Fu Guang-Hui, Zong Min-Jie, Wang Feng-Hua, Yi Lun-Zhao
School of Science, Kunming University of Science and Technology, Kunming 650500, China.
Faculty of Agriculture and Food, Kunming University of Science and Technology, Kunming, Yunnan 650500, China.
Int J Anal Chem. 2019 Aug 1;2019:7314916. doi: 10.1155/2019/7314916. eCollection 2019.

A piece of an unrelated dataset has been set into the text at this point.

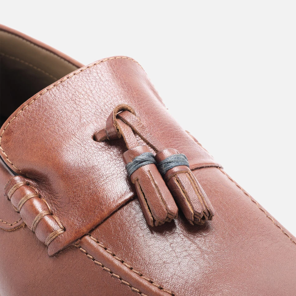 - Tassel detail, leather back strap to the heel, tonal stitching

Elastic net (Enet) and sparse partial least squares (SPLS) are frequently employed for wavelength selection and model calibration in analysis of near infrared spectroscopy data. Enet and SPLS can perform variable selection and model calibration simultaneously. And they also tend to select wavelength intervals rather than individual wavelengths when the predictors are multicollinear. In this paper, we focus on comparison of Enet and SPLS in interval wavelength selection and model calibration for near infrared spectroscopy data. The results from both simulation and real spectroscopy data show that Enet method tends to select less predictors as key variables than SPLS; thus it gets more parsimony model and brings advantages for model interpretation. SPLS can obtain much lower mean square of prediction error (MSE) than Enet. So SPLS is more suitable when the attention is to get better model fitting accuracy. The above conclusion is still held when coming to performing the strongly correlated NIR spectroscopy data whose predictors present group structures, Enet exhibits more sparse property than SPLS, and the selected predictors (wavelengths) are segmentally successive.
弹性网络(Enet)和稀疏偏最小二乘法(SPLS)在近红外光谱数据分析的波长选择和模型校准中经常被使用。Enet和SPLS可以同时进行变量选择和模型校准。并且当预测变量存在多重共线性时,它们倾向于选择波长区间而不是单个波长。在本文中,我们专注于比较Enet和SPLS在近红外光谱数据的区间波长选择和模型校准方面的表现。模拟数据和实际光谱数据的结果均表明,与SPLS相比,Enet方法倾向于选择更少的预测变量作为关键变量;因此它能得到更简洁的模型,并为模型解释带来优势。SPLS可以获得比Enet低得多的预测误差均方(MSE)。所以当关注的是获得更好的模型拟合精度时,SPLS更合适。当处理预测变量呈现组结构的强相关近红外光谱数据时,上述结论仍然成立,Enet比SPLS表现出更稀疏的特性,并且所选的预测变量(波长)是分段连续的。